Edu viene corriendo, conmocionado y preocupado. Pero su mirada se intensifica viendo a la
pequeña renacuaja, ahora de pie y sacudiéndose los pantalones.
—¿Señorita Mabel, está bien?
Ella nos mira de hito en hito, no dando crédito a lo que pasa por su cabeza. Yo aún sigo dándole
vueltas a por qué mi sobrino la conoce.
—Estoy bien, Edu… —dice ella con ternura, acariciando su mejilla.
Aquella familiaridad me hace erizar la piel y no puedo descifrar si para bien o para mal.
—¿De qué conoces a mi hijo? —digo enfrentándola, haciendo a Edu mirarme fijamente.
—Es mi profesora —contesta él dejándome aturdido.
Genial… esto cada vez se pone mejor…
CAPÍTULO 4

La semana pasa volando.

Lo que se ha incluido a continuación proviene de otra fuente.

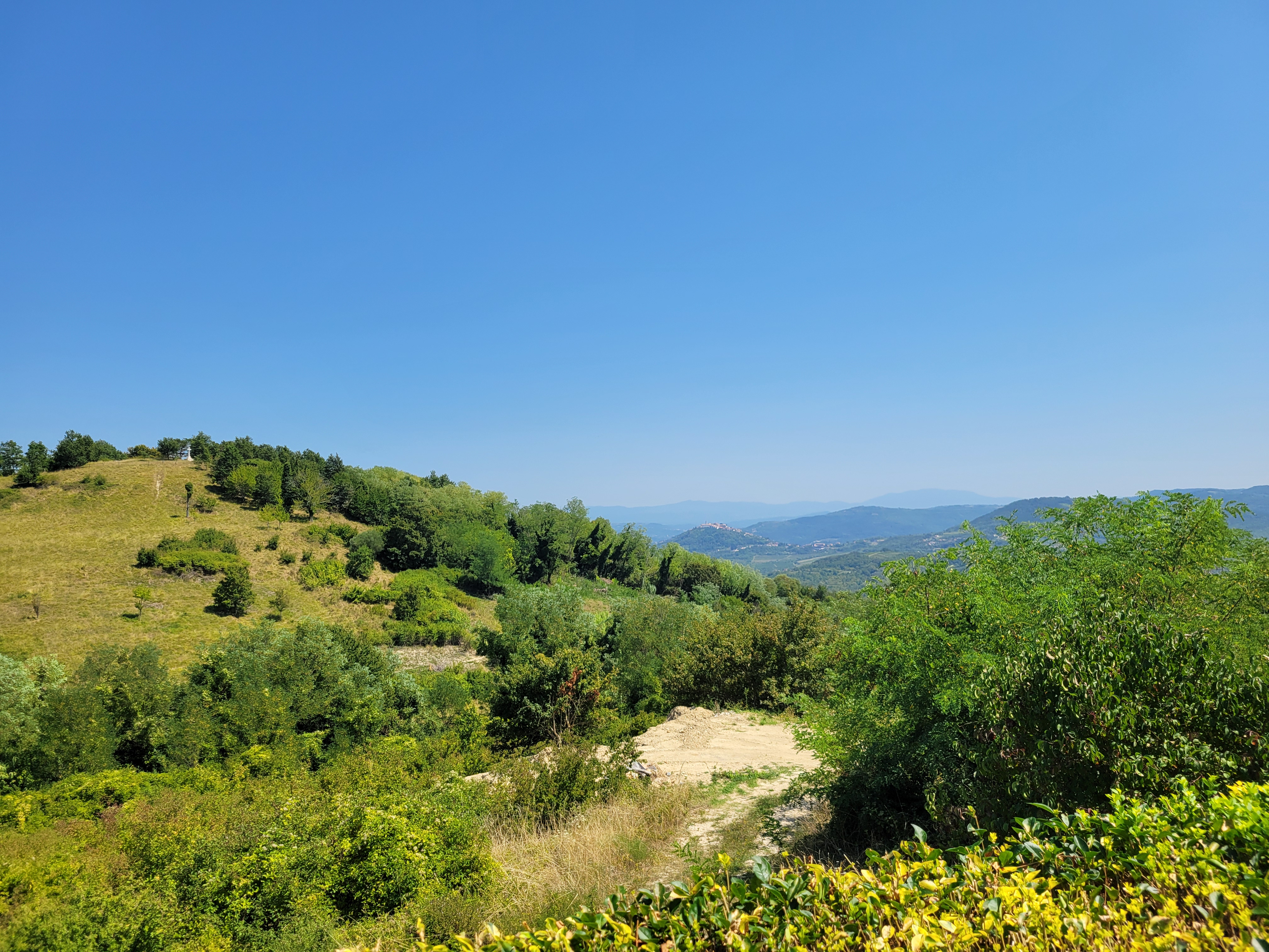 Es gab eine alte Bahnstrecke von Rovinj zu einem Nachbarstädtchen, die man seit 2019 nun mit dem Rad befahren kann. Allerdings ist sie auch nur geschottert, was es für uns mit den bepackten Rädern nicht gerade leicht macht, wenn der Schotter nicht gut befestigt ist. Wir machen uns am Vormittag auf die kleine Reise, steigen die ersten Höhenmeter an und biegen nach einem Vorschlag von Komoot auf einen kleinen Radweg ab. Er beginnt zwar schon gleich mit Schotter, doch der ist gut fahrbar - und beginnt bald, steil abzusteigen.

Edu es lo mejor que tengo en mi vida y no hace falta decir el grado de
felicidad que mi estado irradia. En cuanto lo recogía de la escuela y hacía su tarea, nos íbamos de paseo,
ya fuera al lago o al campo de fútbol, no parábamos en casa nada más que para dormir y eso, en parte, fue
lo que me ahorró algún que otro quebradero de cabeza. No me había encontrado con la pequeñaja, que
ahora sé que se llama Mabel y es profesora de Edu, en todos estos días, solo por la mañana, que ambos
salíamos, yo a dejar a Edu en el colegio y ella a trabajar, que por gracia del destino es el mismo lugar.

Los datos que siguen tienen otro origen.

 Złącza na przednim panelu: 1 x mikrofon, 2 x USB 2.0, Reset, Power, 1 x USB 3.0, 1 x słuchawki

Aun así, una parte de mí añora esas peleíllas. Vivo en tensión por su culpa, por la manera que
tiene de caminar, de cómo bambolea sus caderas y pisa fuerte cuando está enfurruñada. No sé el motivo,
pero con esa pasión que tiene al discutir, me la imagino toda desnuda y fogosa, una fiera la cual me daría
una buena noche… o dos.
El caso es que cuando llega el viernes por la tarde, después de dejar a Edu en casa de Teresa, me
veo a mí mismo mordiéndome la uña del pulgar mientras miro el televisor sin ser realmente consciente de
qué es lo que están televisando. Cambio de canal, cotilleo, cambio a otro donde un partido de futbol
femenino se retrasmite.
—No está mal… —murmuro concentrándome en como aquel trasero, en forma, bota al ritmo de
trote.
Estoy a punto de ser testigo de un magnífico gol de una muy rubia y preciosa holandesa, cuando un
chirrido, seguido de un golpe, me pone la piel de gallina.
Me levanto cual resorte y, dejando el mando en el sofá, me precipito al exterior. Una moto
acelera, solo me da tiempo de ver un casco lleno de estrellas por doquier. Me acerco a mi coche con la
furia bullendo de mí. Una ralladura y un bollo es lo que me encuentro en la carrocería en el lado
izquierdo, dándome cuenta también de la falta del cristal del intermitente.
—¡Jodidamente genial! —pego una patada al cubo de basura haciendo que éste caiga y derrame
su interior. Menos mal no he sacado la basura aún, por lo tanto no he hecho tanto destrozo.
Sin embargo, el cubo lo he hecho mierda. Cierro mis puños y a paso ligero ando hacia la casa
vecina. Es su novio y si él se había largado, ella tendría que lidiar conmigo. Es eso o buscar al
malnacido por cielo y tierra y hacerle comer los dientes. La primera opción se me hace más fácil y
excitante.
—Abre de una jodida vez… —gruño llamando la tercera vez consecutiva, queriéndole quemar el
timbre.
La puerta se abre y una pequeñaja llorosa y mosqueada me recibe.
—¡Ya te dije que te largaras…! —me mira y pestañea después de reconocerme.
Mis fuerzas flaquean al verla así de destrozada, por algo que seguramente el cabeza hueca de su
novio le había hecho. Pero me contengo por el simple hecho de que estoy rabioso y con alguien tengo que
pagar mi frustración.
—Cuando veas a la rata que tienes por novio, dile de mi parte que si no me arregla lo que me ha
hecho en el coche, voy a ir a hacerle tragar mucho polvo…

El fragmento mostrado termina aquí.